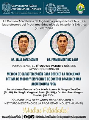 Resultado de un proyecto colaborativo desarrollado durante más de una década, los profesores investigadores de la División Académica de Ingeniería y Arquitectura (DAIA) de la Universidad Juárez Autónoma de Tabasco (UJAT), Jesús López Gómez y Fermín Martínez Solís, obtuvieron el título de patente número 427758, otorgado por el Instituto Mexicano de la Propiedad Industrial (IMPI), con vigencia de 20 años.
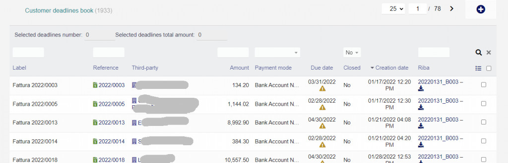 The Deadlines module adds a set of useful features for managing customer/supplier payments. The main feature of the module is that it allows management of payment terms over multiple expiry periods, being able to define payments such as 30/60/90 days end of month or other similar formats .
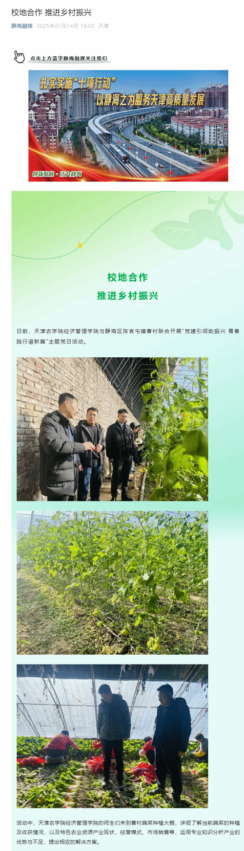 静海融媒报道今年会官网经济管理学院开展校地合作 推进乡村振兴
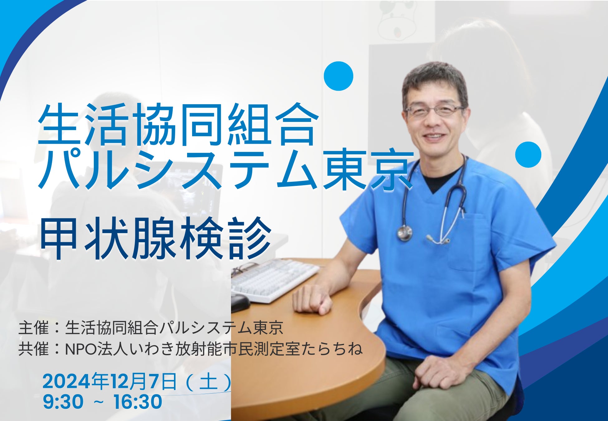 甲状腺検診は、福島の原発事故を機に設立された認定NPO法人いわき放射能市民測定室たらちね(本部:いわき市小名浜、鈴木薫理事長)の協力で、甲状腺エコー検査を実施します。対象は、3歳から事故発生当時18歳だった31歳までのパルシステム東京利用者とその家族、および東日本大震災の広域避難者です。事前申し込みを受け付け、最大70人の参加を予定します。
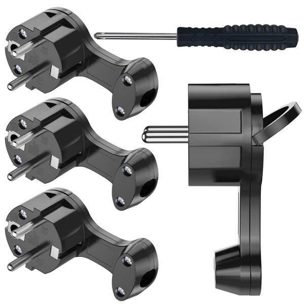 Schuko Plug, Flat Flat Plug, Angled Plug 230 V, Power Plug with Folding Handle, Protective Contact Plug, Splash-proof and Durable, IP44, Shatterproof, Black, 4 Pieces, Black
---
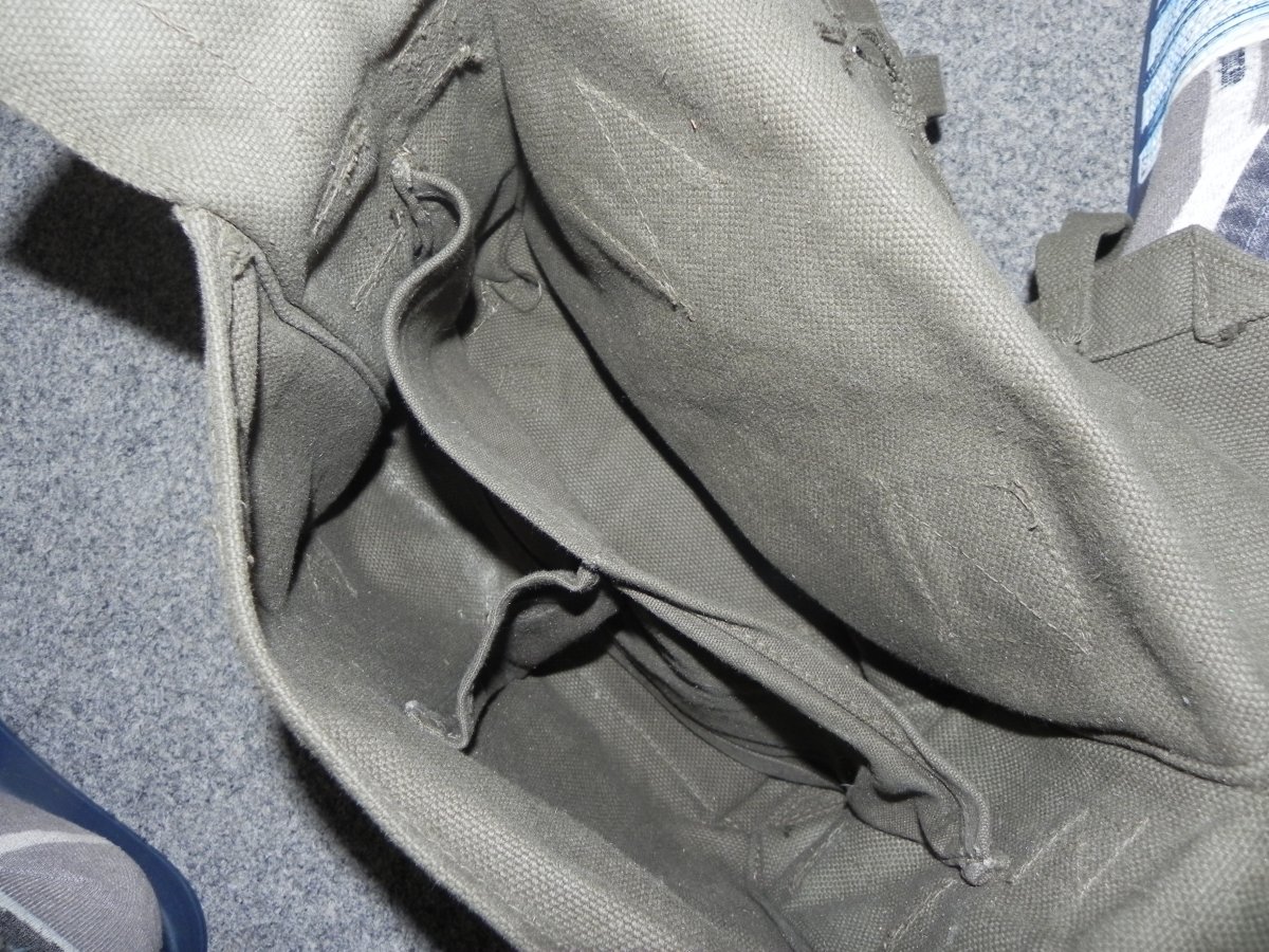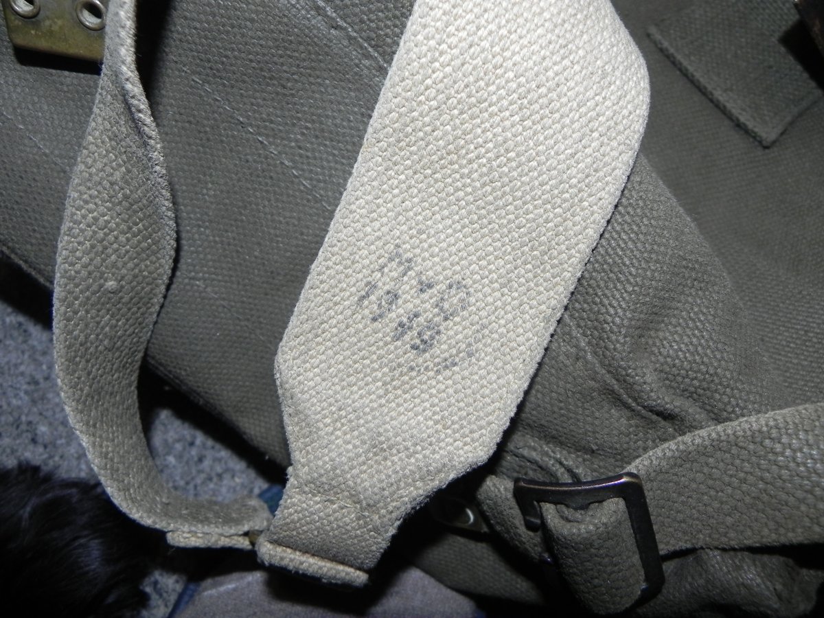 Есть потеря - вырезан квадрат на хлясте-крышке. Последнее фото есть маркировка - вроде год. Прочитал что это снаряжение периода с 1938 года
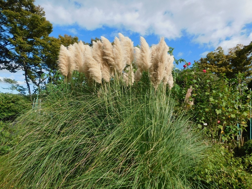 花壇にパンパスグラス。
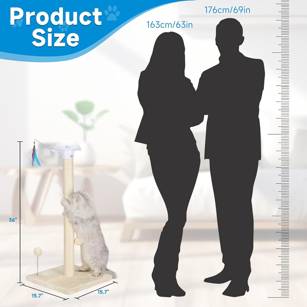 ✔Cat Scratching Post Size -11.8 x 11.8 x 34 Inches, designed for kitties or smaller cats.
...
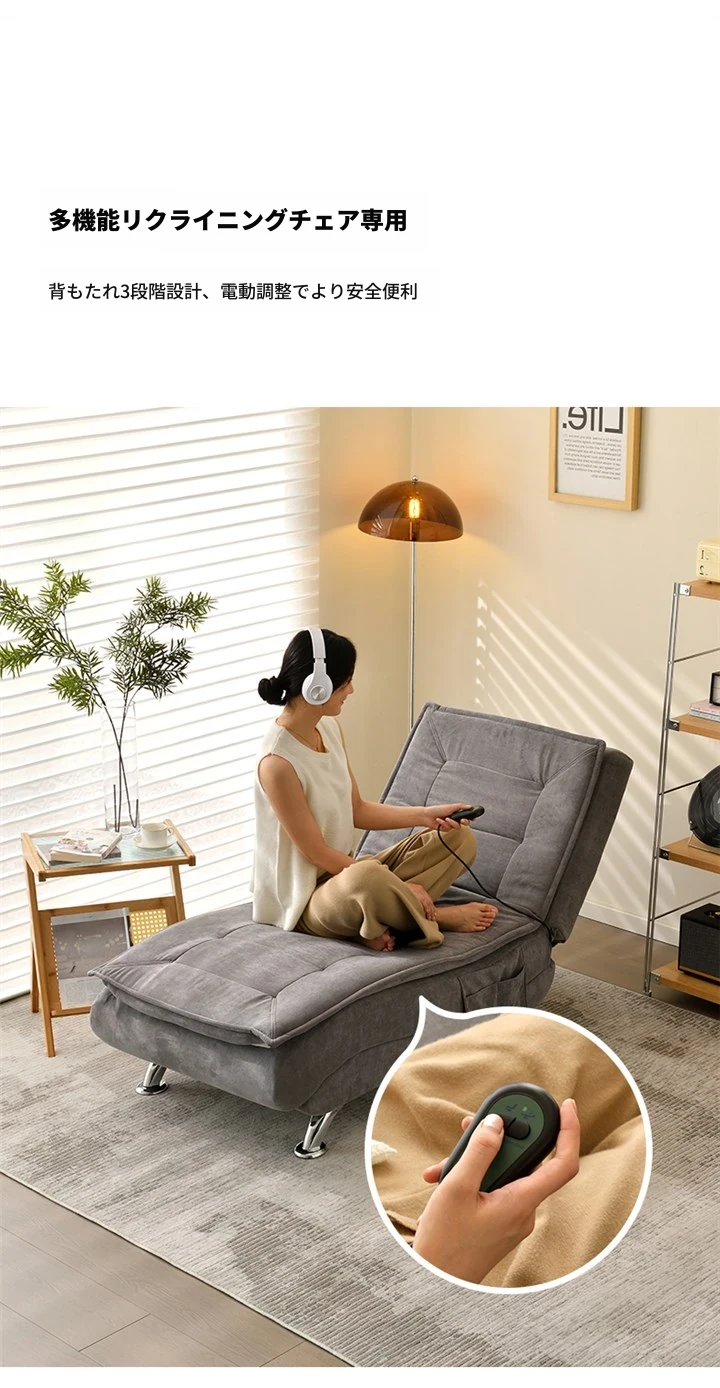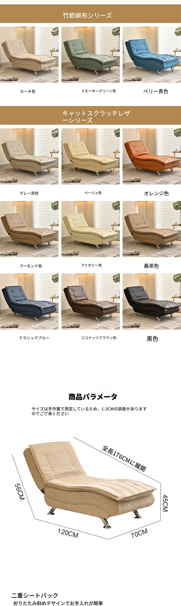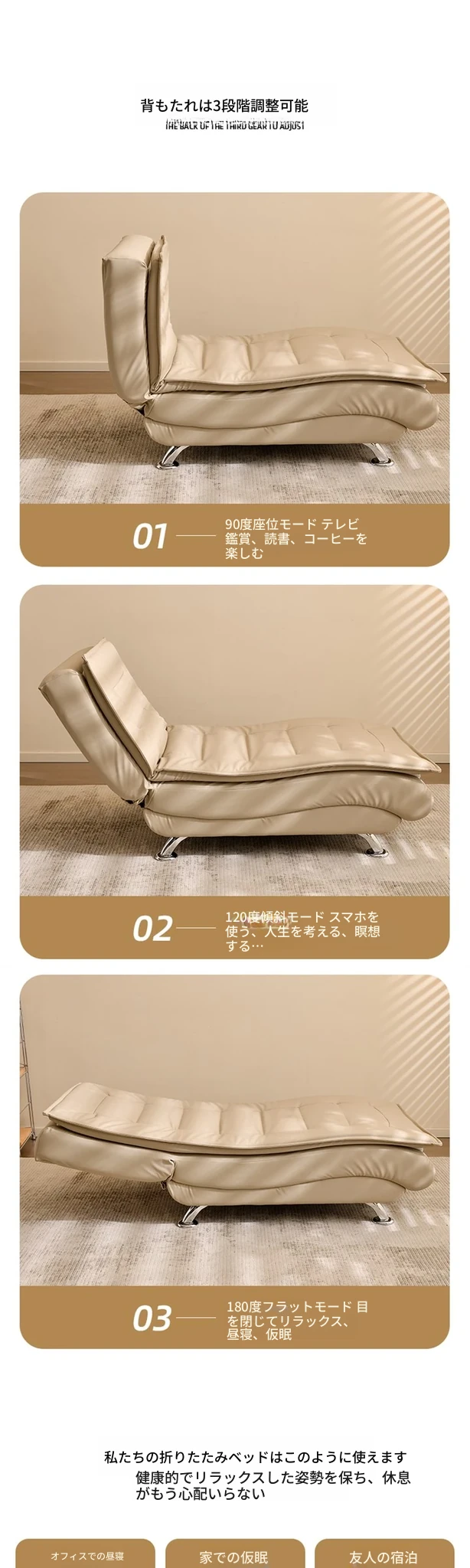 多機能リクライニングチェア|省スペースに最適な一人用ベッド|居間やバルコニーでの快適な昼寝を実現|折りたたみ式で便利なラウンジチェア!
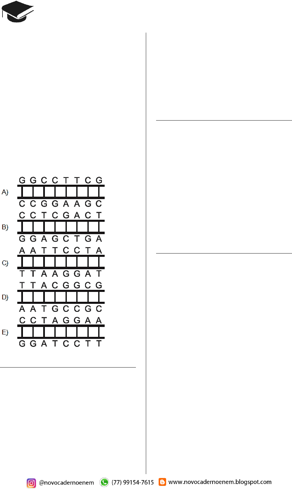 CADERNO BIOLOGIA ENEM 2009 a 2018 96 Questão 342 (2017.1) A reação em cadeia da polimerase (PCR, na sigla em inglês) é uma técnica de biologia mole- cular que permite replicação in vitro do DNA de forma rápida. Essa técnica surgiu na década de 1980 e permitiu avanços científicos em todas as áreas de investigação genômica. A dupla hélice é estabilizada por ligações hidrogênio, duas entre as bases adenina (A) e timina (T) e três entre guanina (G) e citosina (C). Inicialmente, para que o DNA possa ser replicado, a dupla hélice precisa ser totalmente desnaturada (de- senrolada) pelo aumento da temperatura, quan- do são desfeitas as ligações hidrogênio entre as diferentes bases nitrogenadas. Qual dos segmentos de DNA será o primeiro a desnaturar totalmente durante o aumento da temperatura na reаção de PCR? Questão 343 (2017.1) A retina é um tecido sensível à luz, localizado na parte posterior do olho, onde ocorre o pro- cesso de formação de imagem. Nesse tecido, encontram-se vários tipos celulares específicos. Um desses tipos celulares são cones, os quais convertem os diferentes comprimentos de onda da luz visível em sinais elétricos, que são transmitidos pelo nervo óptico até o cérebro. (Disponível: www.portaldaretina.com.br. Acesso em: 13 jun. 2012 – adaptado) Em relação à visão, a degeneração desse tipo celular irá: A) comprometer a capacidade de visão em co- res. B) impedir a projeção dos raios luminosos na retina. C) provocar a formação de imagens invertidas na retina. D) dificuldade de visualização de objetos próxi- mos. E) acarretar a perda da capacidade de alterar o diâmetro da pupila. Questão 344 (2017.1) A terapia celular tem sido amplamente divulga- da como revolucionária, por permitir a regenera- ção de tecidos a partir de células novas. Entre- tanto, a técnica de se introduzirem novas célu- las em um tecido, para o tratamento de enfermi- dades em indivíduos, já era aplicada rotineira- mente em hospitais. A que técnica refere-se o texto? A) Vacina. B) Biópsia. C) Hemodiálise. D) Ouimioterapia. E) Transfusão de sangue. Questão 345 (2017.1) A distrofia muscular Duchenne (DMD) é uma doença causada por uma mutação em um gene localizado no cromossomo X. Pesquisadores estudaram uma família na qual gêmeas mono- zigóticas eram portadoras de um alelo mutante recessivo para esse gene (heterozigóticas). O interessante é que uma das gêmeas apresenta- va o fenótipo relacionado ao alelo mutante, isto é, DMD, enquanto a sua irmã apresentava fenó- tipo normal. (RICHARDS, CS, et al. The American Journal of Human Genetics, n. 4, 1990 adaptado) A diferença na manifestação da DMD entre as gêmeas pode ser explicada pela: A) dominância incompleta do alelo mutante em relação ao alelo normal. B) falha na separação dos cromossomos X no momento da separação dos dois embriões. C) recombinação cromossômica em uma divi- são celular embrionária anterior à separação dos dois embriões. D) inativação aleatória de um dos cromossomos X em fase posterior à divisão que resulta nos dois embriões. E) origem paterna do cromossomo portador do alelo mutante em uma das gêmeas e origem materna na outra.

> What is required: A word-for-word reproduction is needed of the lines above from the line containing "The Deadlines module" through the line containing "Schuko Plug, Flat", with both ends kept and no pictures.

> Finished task:
 The Deadlines module adds a set of useful features for managing customer/supplier payments. The main feature of the module is that it allows management of payment terms over multiple expiry periods, being able to define payments such as 30/60/90 days end of month or other similar formats .
 静海融媒报道今年会官网经济管理学院开展校地合作 推进乡村振兴
 甲状腺検診は、福島の原発事故を機に設立された認定NPO法人いわき放射能市民測定室たらちね(本部:いわき市小名浜、鈴木薫理事長)の協力で、甲状腺エコー検査を実施します。対象は、3歳から事故発生当時18歳だった31歳までのパルシステム東京利用者とその家族、および東日本大震災の広域避難者です。事前申し込みを受け付け、最大70人の参加を予定します。
 Schuko Plug, Flat Flat Plug, Angled Plug 230 V, Power Plug with Folding Handle, Protective Contact Plug, Splash-proof and Durable, IP44, Shatterproof, Black, 4 Pieces, Black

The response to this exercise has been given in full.